The book is plain wrong at times. Roe v Wade has been upheld, not reversed, by the American Supreme Court; whatever is meant by 'a system of government created as a baronial court to King John', it cannot have happened in 1265, by which date this king had been dead almost 50 years; the right to vote is not limited to British citizens who have a residential qualification but also includes Commonwealth and Irish citizens on the same condition, so it is wrong to imply that all foreigners are 'excluded from any right to participate in the political process'; Gerry Adams was elected to Parliament as a Provisional Sinn Fein candidate not as a 'Republican'. Northern Ireland, we are told 'must be free . . . to determine its own future' but the way to achieve this is 'by the termination of British jurisdiction'. So much for local democracy] The book's redeeming feature is its courage. Tony Benn is not afraid to lay out a radical socialist agenda. At a time when his party is on the verge of adopting a whole raft of liberal policies on constitutional reform, his work is a valuable reminder of the importance of democracy, by which Benn means the participation of ordinary people in decision-making and the holding to account of those who exercise political power. His bill of rights includes social and economic rights as well as political freedoms and contains some interesting ideas on the difficult question of its non-judicial enforcement.

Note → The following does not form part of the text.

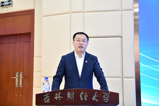 吉林省人民政府副秘书长张凯明,中国人民银行长春中心支行党委书记、行长朱兆文,中国农业银行吉林省分行行长安静东,中国人民银行长春中心支行副行长林长杰,吉林省地方金融监管局副局长宋建军,中国农业银行吉林省分行副行长秦翰,吉林省金融控股集团副总裁崔巍,色情网 党委书记孙杰光,色情网 校长童猛,色情网 副校长王菁华在色情网 主会场线下出席论坛。
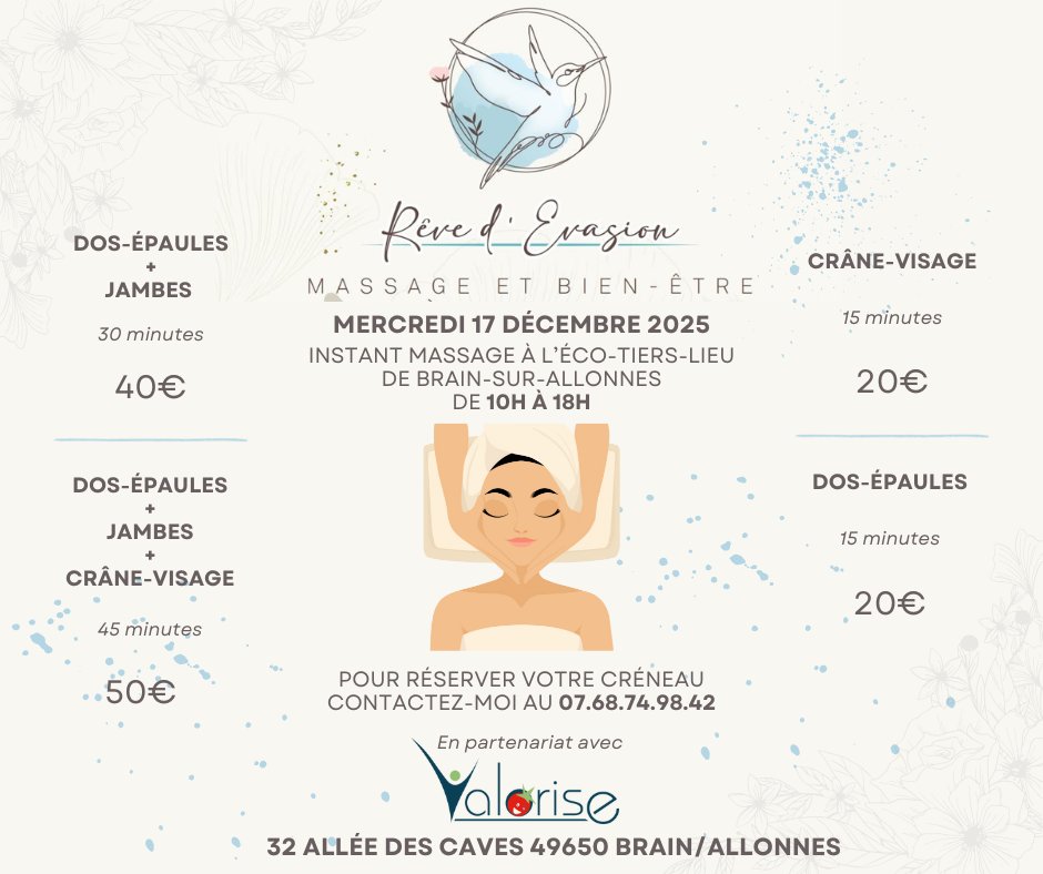 Massage et bien-être de 10h à 18h

Benn reminds us that bills of rights do not need to hand power to the judges to be made to work. But he is unlikely to be listened to, for he has long lost the power to influence events. When there was a chance that he might succeed, Tony Benn inspired fear and loathing. In defeat (which we can now see came with Labour's failure in 1983), he has become a 'dignified' part of that constitution that he excoriates so vehemently.

Sitting in Parliament, moving his points of order, his early day motions, making his socialist speeches and his clever constitutional interventions, he reminds the nation of its commitment to liberty and freedom of speech, while no longer challenging its greedy commitment to inequality. There is no radical so loved as one who has been defeated.